Полковник был скор на ногу. Возможность реабилитировать себя придавала ему сил и резвости. И компания, ещё не успевшая переменить темы разговора, только-только скинувшаяся по рублю и проводившая Полковника с лучшими напутствиями, чрез мгновение ока (так казалось) могла видеть его, но уже с двумя бутылками «Московской особой». На его ватнике, пока ещё смутно, но уже проступали полковничьи погоны.
– Если бы наш Полковник участвовал в скачках, – говаривал в таких случаях гидролог Никанорыч, – я ставил бы только на него. Беспроигрышный вариант. А специально для Полковника учредил бы кубок «Золотое копыто».

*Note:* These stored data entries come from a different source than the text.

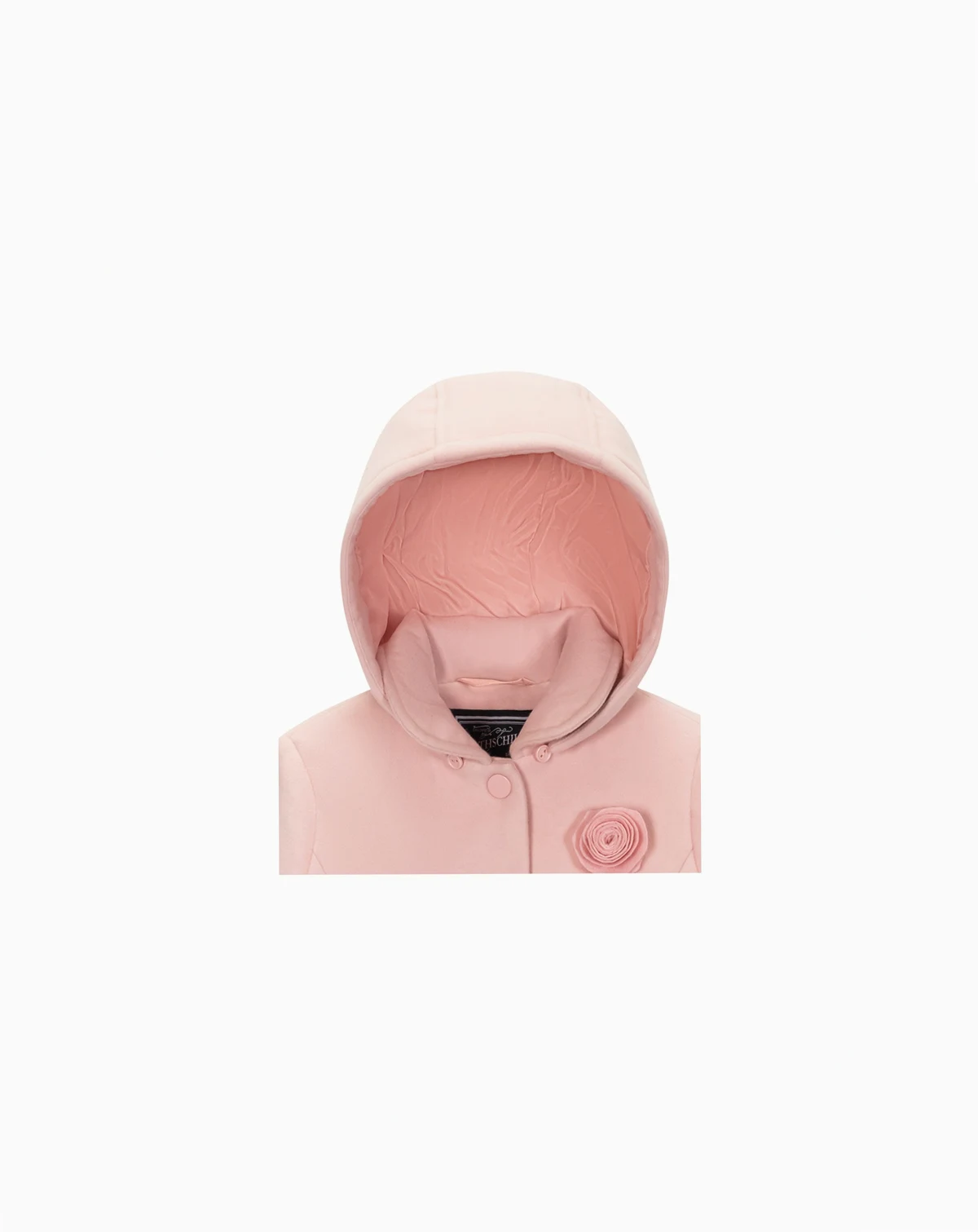 Your little one can stay warm and look cool in this charming dress coat from S Rothschild & Co, featuring a removable hood and a front button snap closure for easy wear. An attached corsage on the yoke adds a sweet, elegant touch, while snap-front pockets offer both style and functionality.
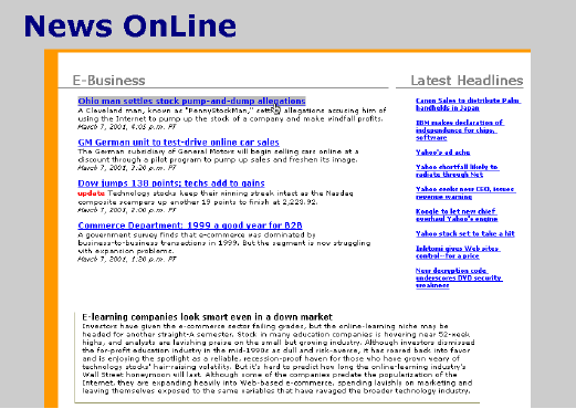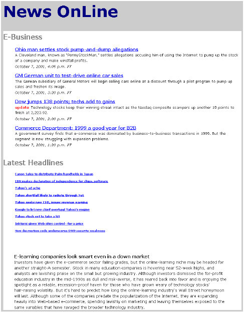La date est écrite avec une petite police, comme une grande partie du texte. Les titres de l'"E-business" ayant une taille médium.
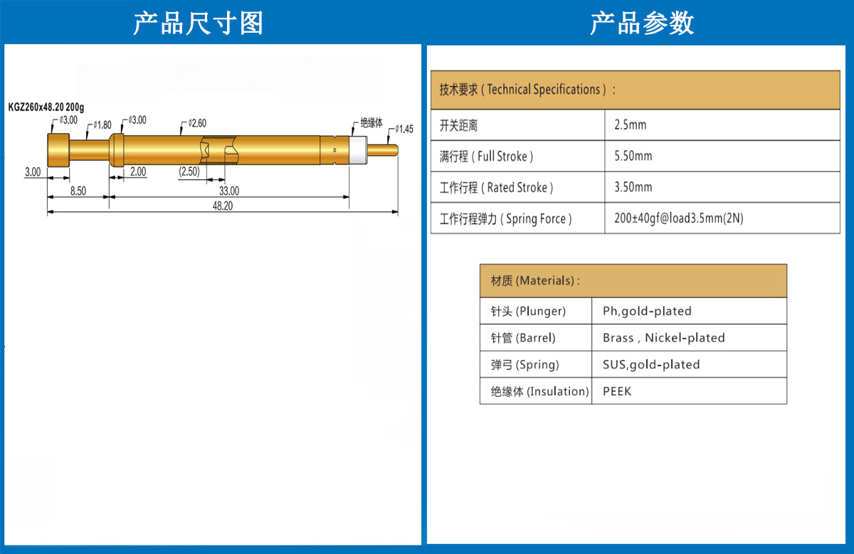 產品簡介:KGZ260探針、2.60mm測試針、總長48.20mm、彈簧針、測試針
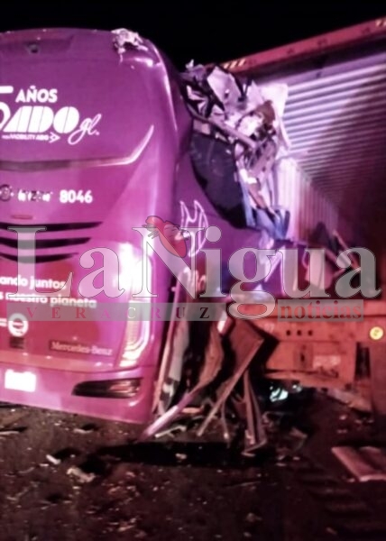 Dicho percance, ocurrió en las primeras horas de este Viernes 27 de Diciembre del presente año cuando el conductor de un autobús de pasajeros, con el número 8046, cubría la ruta Ciudad de México–Xalapa y transportaba aproximadamente 40 pasajeros, debido a la intensa neblina, no se percato de la presencia de una pesada unidad para impactarse en forma brutal.
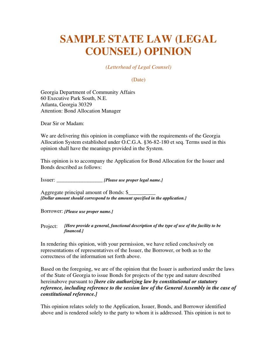 Georgia (United States) Sample State Law (Legal Counsel) Opinion Fill
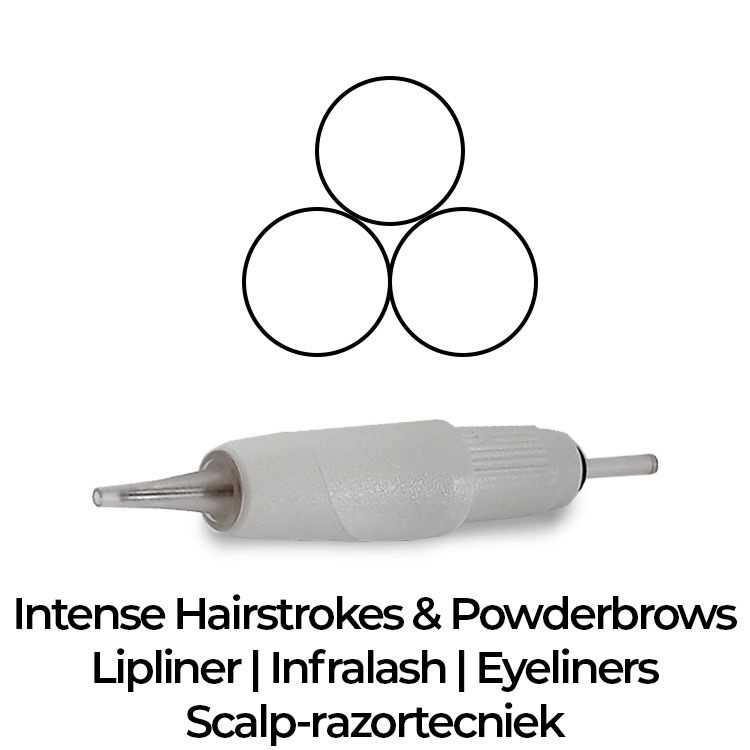 Deze 3-punts liner heeft een diameter van 0.25 mm. Er zijn 3 naalden aan elkaar gebundeld. Hierdoor is het mogelijk om dikkere en superstrakke lijnen te realiseren met 3 x zoveel pigment afgaven dan een 1-punts naald. Is van sommige de voorkeursnaald voor Hairstrokes en Powderbrows maar realiseert een intenser effect met iets minder detail dan een 1-punts naald. De ultieme naald voor het plaatsen van Infralash en subtiele Lipliners.
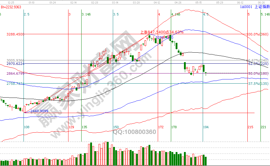 5月除9號(hào)至17號(hào)時(shí)間窗口有一次操作機(jī)會(huì)外,判斷的本月還會(huì)有一次布局機(jī)會(huì),從空間波段百分比1倍循環(huán)二分位2834點(diǎn)與極反通道藍(lán)色下軌線(詳見工具)是參考區(qū)間,贏家江恩系統(tǒng)時(shí)間周期方面,本周短周期重要時(shí)間窗口是23號(hào),日線時(shí)間窗口是28(29)號(hào)。通過系統(tǒng)工具預(yù)判方法得出參考空間與時(shí)間后,投資者要做的就是跟隨市場(chǎng)并做出應(yīng)對(duì)策略,并且預(yù)判此區(qū)間展開的反彈要強(qiáng)于第一波,具體空間與時(shí)間會(huì)在系統(tǒng)VIP學(xué)員公布。21號(hào)盤中壓力是90度2894點(diǎn)、135度2870點(diǎn),盤中支撐是315度2844點(diǎn)、270度2829點(diǎn)。操作策略,指數(shù)擊破黑色生命線進(jìn)入弱勢(shì)區(qū)域,高風(fēng)險(xiǎn)者倉(cāng)3成,低風(fēng)險(xiǎn)者本周進(jìn)入備戰(zhàn)等待信號(hào)。
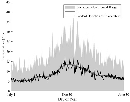 The term σt is analogous to the daily temperature standard deviation but has three important transformations from the daily temperature standard deviation. First, the mean for each day of the year is replaced by Nt, which is the smoothed mean. Second, only temperatures colder than Nt are used in the calculation. As the temperature range in Figure 3 demonstrates, the variance of colder-than-normal temperatures is not necessarily equal to the variance of warmer-than-normal temperatures, which is particularly true in the winter. Moreover, the design day must occur on a day colder than normal, so the “lower” deviations are of primary interest. Let Tt be the temperatures on the tth day of the year, be those temperatures less than Nt, be the mean of , and nt be the number of temperatures from the tth day of the year, then
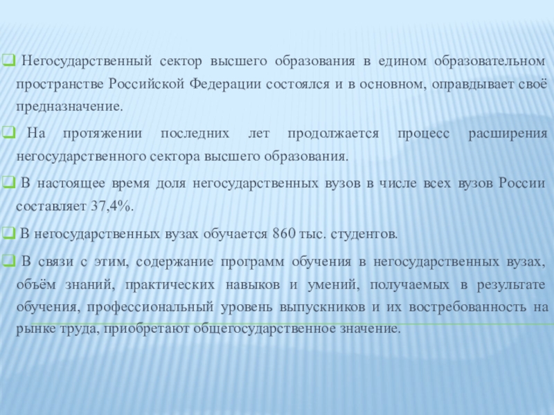 В связи с этим, содержание программ обучения в негосударственных вузах, объём знаний, практических навыков и умений, получаемых в результате обучения, профессиональный уровень выпускников и их востребованность на рынке труда, приобретают общегосударственное значение.
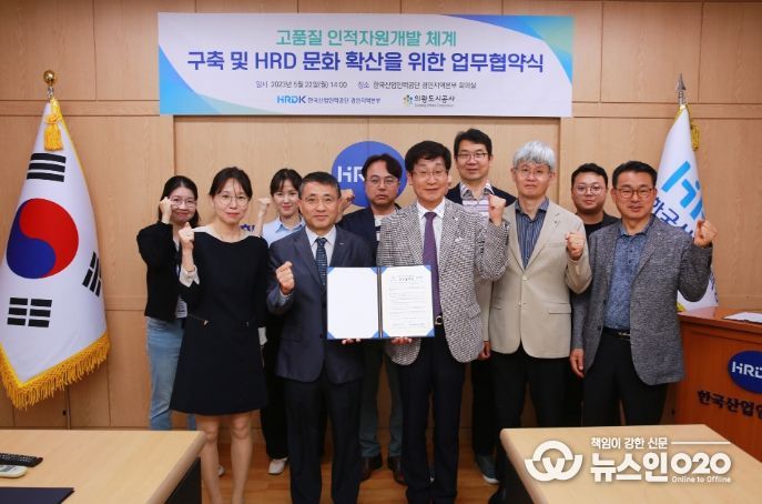 (뉴스인020 = 김성길 기자) 의왕도시공사는 22일 한국산업인력공단과 고품질 인적자원개발 체계 구축 등 상호 업무 협업 활성화를 위한 협약을 체결했다고 밝혔다.
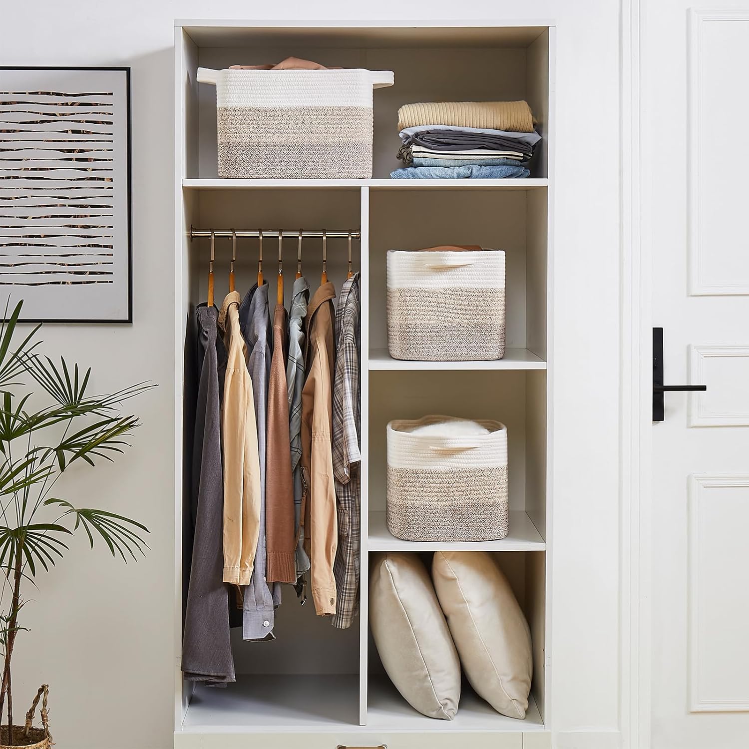 OIAHOMY Woven Storage Basket, Cotton Rope Baskets for Toys,Towel, Clothes, Used to Bathroom,Living Room,Nursery,Bedroom, 16"x12"x10"- Pack of 3, Gradient Yellow

– Тут важна мотивация, – вставлял своё научное слово младший научный сотрудник Виталий, – а более весомой мотивации, чем эта, – и он щёлкал ногтем указательного пальца по только что принесённой бутылке, – трудно и представить. С такой мотивацией, или идеей, если вам угодно, можно за час весь Земной шар обежать.
– Вот за это и выпьем, – предлагал капитан запаса Акимыч, – за неугасающую идею и за неумолчный стук копыт по мостовой.
Все зажимали ладонями горла стаканов с разлитой в них «Московской» и чокались краями гранёных донышек, изображая глухой цокот копыт.
– Поехали, – добавлял при этом Акимыч, – по булыжничку, да по раскатанному.
После принятой дозы Полковника единогласно восстанавливали в должности, и его добродушное лицо, похожее на скомканный блин, расплывалось в благодушной улыбке.
Перед самым выходом в рейс Полковника понижали особенно часто, но к приходу на борт таможенников и пограничников для оформления отхода его обыкновенно восстанавливали в прежнем звании. Потому что стоять вахту на руле в чине старшего лейтенанта, или даже капитана, он наотрез отказывался. Вахта на руле была обязанностью не лёгкой. Можно сказать, что это была каторжная работа. Дело в том, что в связи с малыми размерами и особенностью обводов корпуса, судно плохо лежало на курсе, часто рыскало, особенно на волне, и его приходилось периодически одерживать, перекладывая перо руля то вправо, то влево. Привод же к рулю был ручной, как на старых парусных баркентинах, и приводился в движение с помощью длинных штуртросов, проложенных от большого колеса штурвала с множеством рогулек-рукояток через редуктор к баллеру руля. Проходил этот трос через ходовой мостик по верхней палубе через систему шкивов. Провернуть всё это хозяйство стоило определённых усилий. А крутить штурвал, удерживая судно на румбе, приходилось постоянно. Попробуйте вот так простоять четыре часа кряду, думаю, пропадёт у вас охота ко всему прекрасному. Ног под собой не будете чувствовать, аппетит пропадёт от усталости, и единственной мыслью, свербящей в вашей голове, будет как бы скорее рухнуть в койку.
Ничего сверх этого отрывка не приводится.